Баллард не отвечает. Она, с силой барабаня по клавиатуре, вводит какие-то команды: топографическая картина растворяется, преображаясь в колонку цифр.
— Как я и думала. Никакой заметной сейсмической активности за последние сорок два часа.
— Сонар не лжет, — спокойно говорит Лени.
— Сейсмограф тоже.
Неловкая тишина. Для подобных случаев существует стандартная процедура, и они обе знают, что теперь придется делать.
— Нам надо все проверить, — констатирует Кларк. Баллард лишь кивает:
— Дай мне минутку переодеться.
Наверху эту штуку называли «кальмаром»: цилиндр где-то с метр длиной с реактивным двигателем, прожектором на носу и сцепкой на хвосте. Кларк висит между «Биб» и дном, проверяет его одной рукой. Во второй сжимает гидроакустический пистолет, периодически направляет его во тьму; ультразвуковые щелчки пронизывают ночь, давая направление.
— Нам туда, — говорит она, ткнув пальцем во мрак.
Баллард сжимает ручки своего «кальмара». Машина уносит её прочь. Чуть помедлив, за ней следует Кларк. Замыкает процессию третий цилиндр, который везет набор датчиков в нейлоновой сумке.
Баллард идёт чуть ли не на полной скорости. Фонарь на её шлеме и прожектор пронзают воду, словно два маяка-близнеца. Кларк, потушив свет, нагоняет их на полпути. Пару метров они идут бок о бок над илистым дном.
— Огни, — говорит Баллард.
— Они не нужны. Сонар работает и в темноте.
— Ты теперь нарушаешь инструкции только ради удовольствия?
— Рыбы внизу нападают на светящиеся предметы…
— Включи свет. Это приказ.
Кларк не отвечает. Смотрит на лучи рядом.

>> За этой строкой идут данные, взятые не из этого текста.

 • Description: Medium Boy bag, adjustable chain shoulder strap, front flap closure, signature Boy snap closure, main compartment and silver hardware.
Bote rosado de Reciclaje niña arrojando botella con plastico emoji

Прожектор «кальмара» сияет уверенно и стойко, но головной фонарь Баллард режет воду беспорядочными дугами, когда напарница крутит головой.
— Я сказала тебе, включи свой… О, боже!
Это всего лишь проблеск, мимолетный образ, пойманный лучом. Дженет принимается крутить головой, и он исчезает из виду, а потом возникает в свете прожектора «кальмара», огромный и ужасный.
Бездна улыбается им оскаленными зубами.
Пасть растягивается по всей ширине луча, уходит во тьму по обе стороны. Она забита коническими зубами размером с человеческую руку, которые совсем не выглядят хрупкими.
Баллард начинает давиться и ныряет ко дну. Придонный ил окутывает её бурлящим облаком, она исчезает в потоке планктонных трупов.
Кларк останавливается и ждёт, не двигаясь с места. Она смотрит на эту угрожающую улыбку. Все её тело наэлектризовано, она ещё никогда не чувствовала себя настолько ясно. Каждый нерв пылает и замерзает одновременно. Она в ужасе.
Но почему-то Лени полностью себя контролирует. Пока она размышляет над этим парадоксом, оставленный без присмотра «кальмар» напарницы замедляется и останавливается буквально в нескольких метрах от бесконечного ряда зубов. Кларк удивляется собственной аналитической четкости, когда третья торпеда с грузом датчиков теряет скорость и занимает позицию рядом с машиной Баллард.
Ухмылка в дополнительном свете не меняется.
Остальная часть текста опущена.